Parameter | Type | Required | Description |
appkey | String | Yes | The appkey of your project that is created in the Intelligent Speech Interaction console. |
text | String | Yes | The text that you want to synthesize. The text must be |
voice | String | No | The speaker that you want to use. Default value: |
format | String | No | The audio coding format. Default value: pcm. Valid values: pcm, wav, and mp3. |
sample_rate | Integer | No | The audio sampling rate. Unit: Hz. Default value: 16000. |
volume | Integer | No | The voice volume of the speaker. Value range: 0 to 100. Default value: 50. |
speech_rate | Integer | No | The speed at which the speaker speaks. Value range: -500 to 500. Default value: 0. |
pitch_rate | Integer | No | The intonation of the speaker. Value range: -500 to 500. Default value: 0. |
3. Receive the synthesized audio data
The server returns the synthesized audio data in binary format. The client receives and processes the audio data by using the SDK.

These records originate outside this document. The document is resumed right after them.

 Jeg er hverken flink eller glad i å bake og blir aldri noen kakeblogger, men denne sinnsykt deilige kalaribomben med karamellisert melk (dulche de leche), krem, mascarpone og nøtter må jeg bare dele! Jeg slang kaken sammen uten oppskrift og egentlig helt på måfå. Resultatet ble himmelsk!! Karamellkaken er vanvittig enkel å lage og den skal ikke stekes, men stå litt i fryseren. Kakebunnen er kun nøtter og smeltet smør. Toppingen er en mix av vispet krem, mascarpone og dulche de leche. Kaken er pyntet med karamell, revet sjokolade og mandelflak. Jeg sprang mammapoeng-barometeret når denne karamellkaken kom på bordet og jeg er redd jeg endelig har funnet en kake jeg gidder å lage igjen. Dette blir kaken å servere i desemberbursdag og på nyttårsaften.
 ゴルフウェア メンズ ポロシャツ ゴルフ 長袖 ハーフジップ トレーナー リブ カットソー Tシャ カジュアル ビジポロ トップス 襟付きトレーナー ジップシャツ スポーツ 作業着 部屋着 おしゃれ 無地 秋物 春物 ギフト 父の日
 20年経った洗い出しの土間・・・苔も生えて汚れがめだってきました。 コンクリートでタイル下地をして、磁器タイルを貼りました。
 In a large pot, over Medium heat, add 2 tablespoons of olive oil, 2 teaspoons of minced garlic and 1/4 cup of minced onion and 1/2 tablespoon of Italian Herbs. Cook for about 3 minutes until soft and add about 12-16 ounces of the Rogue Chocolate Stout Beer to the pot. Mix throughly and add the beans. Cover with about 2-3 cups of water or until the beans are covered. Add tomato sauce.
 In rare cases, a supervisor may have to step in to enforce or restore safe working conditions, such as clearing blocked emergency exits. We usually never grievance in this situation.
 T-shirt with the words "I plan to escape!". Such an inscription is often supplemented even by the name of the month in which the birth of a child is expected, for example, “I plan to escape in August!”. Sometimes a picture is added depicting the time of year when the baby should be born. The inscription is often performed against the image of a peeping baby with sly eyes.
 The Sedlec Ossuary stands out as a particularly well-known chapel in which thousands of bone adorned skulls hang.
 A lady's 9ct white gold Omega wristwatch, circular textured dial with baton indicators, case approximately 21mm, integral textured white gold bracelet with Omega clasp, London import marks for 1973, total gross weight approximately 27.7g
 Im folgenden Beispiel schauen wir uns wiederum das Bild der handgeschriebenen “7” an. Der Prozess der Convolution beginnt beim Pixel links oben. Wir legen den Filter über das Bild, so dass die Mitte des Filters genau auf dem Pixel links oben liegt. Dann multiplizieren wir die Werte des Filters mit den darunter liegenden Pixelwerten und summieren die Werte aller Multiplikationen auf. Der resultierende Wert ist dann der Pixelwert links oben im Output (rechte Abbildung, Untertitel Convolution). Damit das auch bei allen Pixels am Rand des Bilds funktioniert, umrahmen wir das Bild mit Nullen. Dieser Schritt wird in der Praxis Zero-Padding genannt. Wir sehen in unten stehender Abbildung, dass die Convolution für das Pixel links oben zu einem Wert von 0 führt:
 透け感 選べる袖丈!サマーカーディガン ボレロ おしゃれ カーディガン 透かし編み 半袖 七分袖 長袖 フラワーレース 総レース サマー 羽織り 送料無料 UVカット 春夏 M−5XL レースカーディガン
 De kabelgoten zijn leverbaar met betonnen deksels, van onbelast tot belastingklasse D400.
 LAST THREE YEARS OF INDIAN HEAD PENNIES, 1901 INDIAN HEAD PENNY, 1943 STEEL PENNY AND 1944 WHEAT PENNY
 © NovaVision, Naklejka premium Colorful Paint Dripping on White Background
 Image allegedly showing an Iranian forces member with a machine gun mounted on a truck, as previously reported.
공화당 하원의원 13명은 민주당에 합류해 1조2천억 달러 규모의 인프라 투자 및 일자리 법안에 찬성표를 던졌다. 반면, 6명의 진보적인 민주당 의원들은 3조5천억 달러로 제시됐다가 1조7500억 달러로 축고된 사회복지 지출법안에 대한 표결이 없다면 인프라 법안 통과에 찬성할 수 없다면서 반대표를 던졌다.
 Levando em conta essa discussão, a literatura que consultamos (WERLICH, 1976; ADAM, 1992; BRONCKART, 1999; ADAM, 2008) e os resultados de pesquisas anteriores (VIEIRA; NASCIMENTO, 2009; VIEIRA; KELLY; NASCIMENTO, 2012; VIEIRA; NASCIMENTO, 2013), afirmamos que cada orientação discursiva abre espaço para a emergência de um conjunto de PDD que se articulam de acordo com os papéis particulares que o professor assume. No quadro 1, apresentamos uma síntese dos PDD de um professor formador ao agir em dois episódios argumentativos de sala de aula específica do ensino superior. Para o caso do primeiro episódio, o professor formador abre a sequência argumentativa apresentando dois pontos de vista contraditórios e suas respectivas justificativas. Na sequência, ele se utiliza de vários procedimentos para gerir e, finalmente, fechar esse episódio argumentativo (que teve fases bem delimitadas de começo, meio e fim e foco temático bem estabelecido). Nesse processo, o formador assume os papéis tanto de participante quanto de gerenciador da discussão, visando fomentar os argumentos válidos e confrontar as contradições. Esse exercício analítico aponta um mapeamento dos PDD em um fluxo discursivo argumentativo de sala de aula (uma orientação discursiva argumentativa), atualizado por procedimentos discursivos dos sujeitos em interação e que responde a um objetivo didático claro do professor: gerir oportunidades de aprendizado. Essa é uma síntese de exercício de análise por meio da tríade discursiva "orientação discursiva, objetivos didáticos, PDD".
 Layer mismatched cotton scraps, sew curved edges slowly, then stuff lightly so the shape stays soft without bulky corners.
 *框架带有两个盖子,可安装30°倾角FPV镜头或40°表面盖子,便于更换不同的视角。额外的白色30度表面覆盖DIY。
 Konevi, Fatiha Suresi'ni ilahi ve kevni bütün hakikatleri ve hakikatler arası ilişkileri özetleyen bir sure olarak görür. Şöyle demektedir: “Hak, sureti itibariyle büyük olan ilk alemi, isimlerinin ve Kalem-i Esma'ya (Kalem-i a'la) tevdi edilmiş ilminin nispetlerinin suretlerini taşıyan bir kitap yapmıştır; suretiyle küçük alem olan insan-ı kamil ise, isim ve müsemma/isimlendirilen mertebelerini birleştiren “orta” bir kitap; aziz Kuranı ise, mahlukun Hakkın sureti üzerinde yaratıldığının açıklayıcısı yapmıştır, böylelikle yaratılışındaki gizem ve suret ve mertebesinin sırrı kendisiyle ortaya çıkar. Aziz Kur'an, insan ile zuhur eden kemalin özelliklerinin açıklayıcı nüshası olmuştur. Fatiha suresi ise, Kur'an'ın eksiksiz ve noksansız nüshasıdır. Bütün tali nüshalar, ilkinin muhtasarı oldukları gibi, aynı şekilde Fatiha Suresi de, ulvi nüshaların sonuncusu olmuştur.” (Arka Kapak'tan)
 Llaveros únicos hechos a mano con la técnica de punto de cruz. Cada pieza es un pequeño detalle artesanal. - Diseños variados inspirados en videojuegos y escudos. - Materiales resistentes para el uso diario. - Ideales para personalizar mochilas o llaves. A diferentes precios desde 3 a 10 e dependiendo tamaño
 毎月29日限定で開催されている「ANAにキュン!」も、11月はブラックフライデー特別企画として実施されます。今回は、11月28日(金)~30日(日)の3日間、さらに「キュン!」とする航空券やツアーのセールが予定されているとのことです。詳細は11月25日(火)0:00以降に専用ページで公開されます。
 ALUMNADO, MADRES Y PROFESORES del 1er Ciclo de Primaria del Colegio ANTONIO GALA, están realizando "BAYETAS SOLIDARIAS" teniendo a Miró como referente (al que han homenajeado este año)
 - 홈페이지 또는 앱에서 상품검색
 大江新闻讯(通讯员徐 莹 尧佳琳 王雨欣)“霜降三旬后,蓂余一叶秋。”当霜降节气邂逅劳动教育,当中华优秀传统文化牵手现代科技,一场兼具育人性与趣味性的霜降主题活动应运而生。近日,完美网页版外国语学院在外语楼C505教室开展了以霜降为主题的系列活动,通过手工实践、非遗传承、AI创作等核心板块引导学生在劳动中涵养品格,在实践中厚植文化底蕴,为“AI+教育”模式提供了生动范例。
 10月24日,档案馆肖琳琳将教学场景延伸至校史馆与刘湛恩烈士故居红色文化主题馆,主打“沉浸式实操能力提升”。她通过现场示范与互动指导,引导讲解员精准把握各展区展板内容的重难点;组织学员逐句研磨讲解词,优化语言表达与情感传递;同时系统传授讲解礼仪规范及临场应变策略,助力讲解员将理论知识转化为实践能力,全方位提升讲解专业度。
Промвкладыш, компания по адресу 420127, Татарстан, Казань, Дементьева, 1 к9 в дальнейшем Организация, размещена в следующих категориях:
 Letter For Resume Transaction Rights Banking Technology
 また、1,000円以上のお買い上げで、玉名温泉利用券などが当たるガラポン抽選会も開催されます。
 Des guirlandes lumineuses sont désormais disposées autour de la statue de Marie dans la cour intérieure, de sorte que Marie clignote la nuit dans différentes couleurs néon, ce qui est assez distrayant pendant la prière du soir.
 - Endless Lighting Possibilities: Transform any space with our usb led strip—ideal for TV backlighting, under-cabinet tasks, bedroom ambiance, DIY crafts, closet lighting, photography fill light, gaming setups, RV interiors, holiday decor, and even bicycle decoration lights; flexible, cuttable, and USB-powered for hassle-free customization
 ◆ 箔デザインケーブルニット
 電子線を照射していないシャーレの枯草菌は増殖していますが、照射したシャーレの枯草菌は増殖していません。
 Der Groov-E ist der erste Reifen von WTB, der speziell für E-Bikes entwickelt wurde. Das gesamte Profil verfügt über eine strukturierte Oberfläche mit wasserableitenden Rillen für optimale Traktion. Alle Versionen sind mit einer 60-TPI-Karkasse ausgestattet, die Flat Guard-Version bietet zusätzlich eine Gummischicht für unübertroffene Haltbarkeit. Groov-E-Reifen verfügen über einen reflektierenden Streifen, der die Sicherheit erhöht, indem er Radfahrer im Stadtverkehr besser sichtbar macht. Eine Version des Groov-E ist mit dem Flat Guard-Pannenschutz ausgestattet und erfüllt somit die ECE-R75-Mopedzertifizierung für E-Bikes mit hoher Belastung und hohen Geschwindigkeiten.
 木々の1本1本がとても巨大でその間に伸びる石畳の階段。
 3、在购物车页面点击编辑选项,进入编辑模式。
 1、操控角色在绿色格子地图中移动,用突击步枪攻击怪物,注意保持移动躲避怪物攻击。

4. Complete the synthesis task
After the synthesis task is completed, the server sends a notification message. The following example shows a sample notification message:
{
"header": {
"message_id": "05450bf69c53413f8d88aed1ee60****",
"task_id": "640bc797bb684bd6960185651307****",
"namespace": "SpeechSynthesizer",
"name": "SynthesisCompleted",
"status": 20000000,
"status_message": "GATEWAYSUCCESSSuccess."
}
}
In the demo, the synthesized audio is stored in a file. If you want to play the synthesized audio during the reception process, we recommend that you use stream playback. The stream playback mode allows you to play the synthesized audio while audio data is being received. This reduces the amount of time that you need to wait before you can play the audio.
Status codes
Each response contains a status code. The following tables describe the status codes.
Common errors
Status code | Cause | Solution |
40000001 | The client failed to pass the authentication. | Check whether the token that is used by the client is valid or expired. |
40000002 | The request is invalid. | Check whether the request that is sent by the client meets the requirements. |
403 | The token is expired or the request contains invalid parameters. | Check whether the token that is used by the client is expired. Then, check whether the parameter values are valid. |
40000004 | The client timed out. | Check whether the client did not send data to the server for a long period of time, such as 10 seconds. |
40000005 | The number of requests exceeds the upper limit. | Check whether the number of concurrent connections or queries per second (QPS) value exceeds the upper limit. If the number of concurrent connections exceeds the upper limit, we recommend that you upgrade Intelligent Speech Interaction from Trial Edition to Commercial Edition. If you use Commercial Edition, we recommend that you purchase more resources to increase the concurrency. |
40000000 | A client error occurred. This is the default status code for client errors. | Resolve the error based on the error message or submit a ticket. |
50000000 | A server error occurred. This is the default status code for server errors. | If the status code is occasionally returned, ignore it. If the status code is returned multiple times, submit a ticket. |
50000001 | An internal call error occurred. | If the status code is occasionally returned, ignore it. If the status code is returned multiple times, submit a ticket. |
Gateway errors
Status code | Cause | Solution |
40010001 | The method is not supported. | If you use the SDK, submit a ticket. |
40010002 | The instruction is not supported. | If you use the SDK, submit a ticket. |
40010003 | The instruction format is invalid. | If you use the SDK, submit a ticket. |
40010004 | The client unexpectedly disconnected. | Check whether the client disconnected before the server completed the requested task. |
40010005 | The task status is invalid. | Check whether the instruction is supported when the task is in the current state. |
Configuration errors
Status code | Cause | Solution |
40020105 | The application does not exist. | Check whether the appkey is correct and belongs to the same Alibaba Cloud account as the token. |
Text-to-speech (TTS) service errors
Status code | Cause | Solution |
41020001 | One or more parameters are invalid. | Check whether the specified parameter values are valid. |
51020001 | A TTS server error occurred. | If the status code is occasionally returned, ignore it. If the status code is returned multiple times, submit a ticket. |